TBB: add platform API to read the ROTPK information
This patch extends the platform port by adding an API that returns
either the Root of Trust public key (ROTPK) or its hash. This is
usually stored in ROM or eFUSE memory. The ROTPK returned must be
encoded in DER format according to the following ASN.1 structure:
SubjectPublicKeyInfo ::= SEQUENCE {
algorithm AlgorithmIdentifier,
subjectPublicKey BIT STRING
}
In case the platform returns a hash of the key:
DigestInfo ::= SEQUENCE {
digestAlgorithm AlgorithmIdentifier,
keyDigest OCTET STRING
}
An implementation for ARM development platforms is provided in this
patch. When TBB is enabled, the ROTPK hash location must be specified
using the build option 'ARM_ROTPK_LOCATION'. Available options are:
- 'regs' : return the ROTPK hash stored in the Trusted
root-key storage registers.
- 'devel_rsa' : return a ROTPK hash embedded in the BL1 and
BL2 binaries.
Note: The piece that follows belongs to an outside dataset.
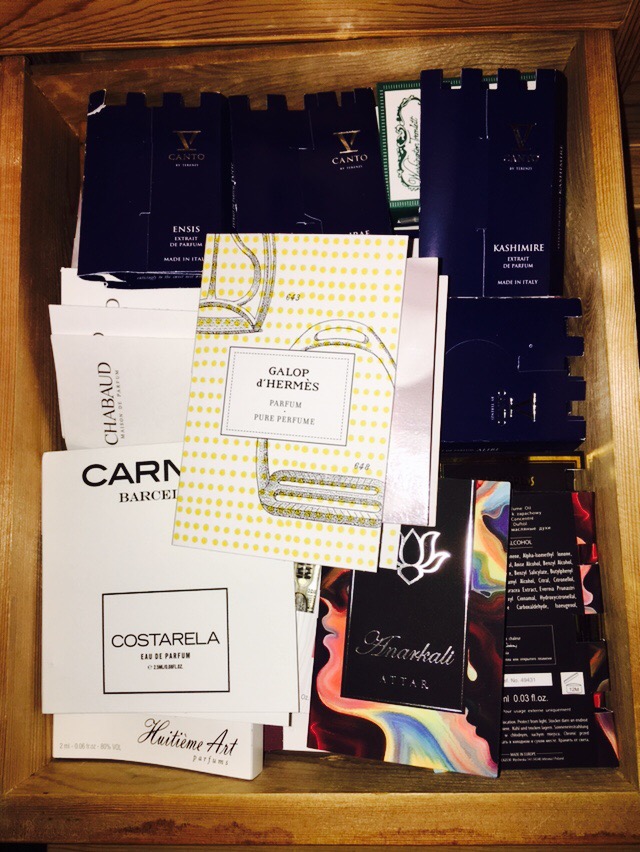 Inget i livet är gratis, det vet vi redan. Men när du köper något på olika butiker, både stationära och på nätet så får du ofta en eller flera små s.k. carded samples av aktuella dofter (som lanseras just nu, eller lanserades för inte så länge sedan). Vi har oftast inte så mycket att välja mellan. Detta kan hända om du köper något på de stora parfymerier eller parfymavdelningar (NK, Åhléns, Sephora, Kicks, Eleven osv.). Det är väldigt personlig grej om en säljare vill eller inte vill ge dig något extra. Vissa kedjor har tyvärr någon sorts policy, där personalen väljer ut kunder som ”förtjänar” produktprover. Idiotiskt, men sant. Jag som besöker parfymerier i jeans och trekkingskor ingår inte i den gruppen i deras ögon. Men vill ni testa något mer ingående, hemma i lugn och ro, så är det bara att fråga. Att fråga kostar inget – det värsta som kan hända är ett nej. Själv får jag sällan det jag verkligen vill ha (ovannämnd anledning plus att jag ändå inte vill ha femtioelfte prov på kitschiga Decadence från Marc Jacobs och det som jag vill ha har ni aldrig ens hört talas om. :P).

This hash has been obtained from the development
RSA public key located in 'plat/arm/board/common/rotpk'.
On FVP, the number of MMU tables has been increased to map and
access the ROTPK registers.
A new file 'board_common.mk' has been added to improve code sharing
in the ARM develelopment platforms.
Change-Id: Ib25862e5507d1438da10773e62bd338da8f360bf
diff --git a/docs/porting-guide.md b/docs/porting-guide.md
index 4f842c4..d009605 100644
--- a/docs/porting-guide.md
+++ b/docs/porting-guide.md
@@ -483,6 +483,38 @@
the platform. Any other return value means a mismatch.
+### Function: plat_get_rotpk_info()
+
+ Argument : void *, void **, unsigned int *, unsigned int *
+ Return : int
+
+This function is mandatory when Trusted Board Boot is enabled. It returns a
+pointer to the ROTPK stored in the platform (or a hash of it) and its length.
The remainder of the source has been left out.